The forecast for the GBP to THB exchange rate remains cautious as the British pound (GBP) continues to be impacted by negative sentiment surrounding the UK’s economic outlook. Analysts predict a mere 1% growth for the UK economy in 2026, driven by rising unemployment and weakened consumer sentiment. This has resulted in the pound trading near 14-day lows at approximately 42.31 THB, which is about 1.6% below its three-month average of 43.04 THB. The currency has been relatively stable in a 4.2% range from 42.26 to 44.04 THB.
Investor sentiment is further strained ahead of the upcoming UK budget meeting on November 26, where concerns over possible tax hikes and interest rate cuts are prominent. As a result, the pound is experiencing bearish outlooks, with speculations that the Bank of England (BoE) may reduce interest rates soon, exacerbating depreciation against both the US dollar and the euro in recent weeks.
Meanwhile, the Thai baht (THB) faces its own strengths and challenges.
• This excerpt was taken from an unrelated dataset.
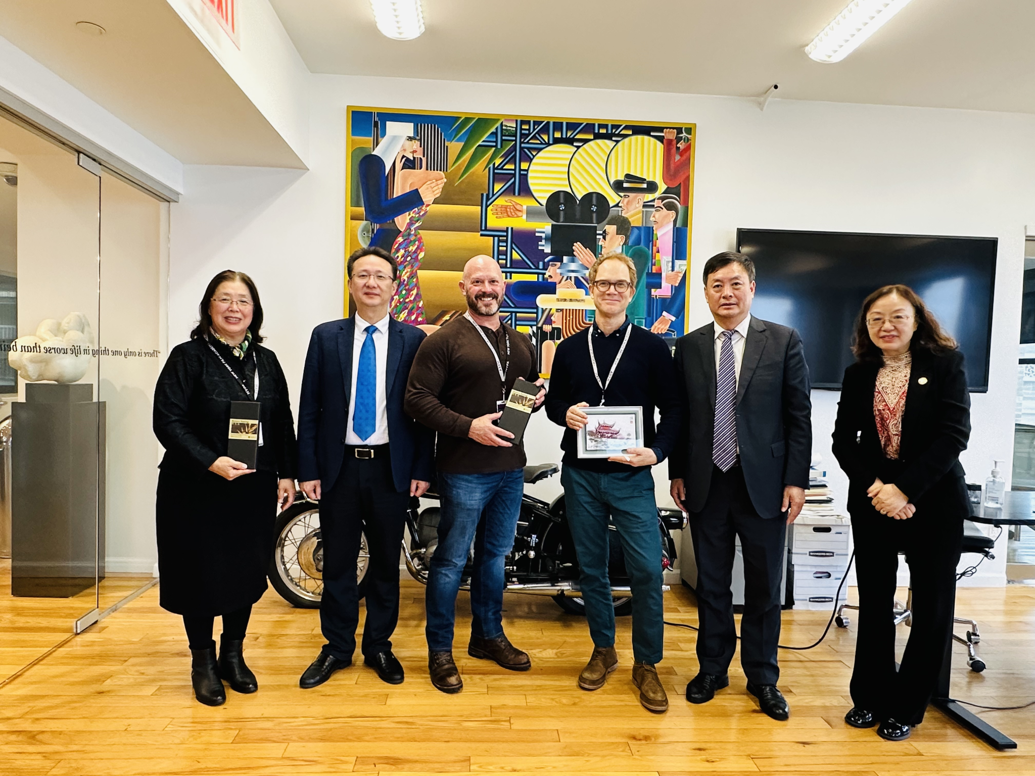 随教育厅团组拜会纽约电影学院时,王辉一行受到该校校长Michael Young(迈克尔·杨),高级执行副校长David Klein(大卫·克莱恩),执行副校长朱宇华博士的热烈欢迎。会谈中,王辉介绍了太阳成集团的办学情况,以及与电影相关的播音与主持艺术、广播电视编导、戏剧影视文学等专业的建设情况。并希望以此次会谈为契机,充分考虑双方办学特色,积极探索两校在人才培养等方面的深入合作;同时,王辉代表学校诚挚邀请该校校长迈克尔·杨、副校长大卫·克莱恩和朱宇华博士来太阳成集团交流访问。

The government and Bank of Thailand (BoT) have taken measures to manage the baht's appreciation, which hit its highest levels in four years. This includes intervention to mitigate the impacts on export and tourism sectors, as the strong baht makes Thai goods less competitive internationally.
Moreover, fluctuations in oil prices may indirectly affect the THB. Currently, oil is trading at 62.45 USD, which is 3.6% below its three-month average. Given Thailand's significant export reliance on oil, any movement in oil prices could have further implications on exchange rates.
Overall, the forecast for the GBP-THB pair indicates a challenging environment for the pound, driven by economic concerns and tensions around UK fiscal policy, while the baht's stability remains precarious amid market interventions and global economic conditions. It may be prudent for those engaged in international transactions to monitor these developments closely as market conditions evolve.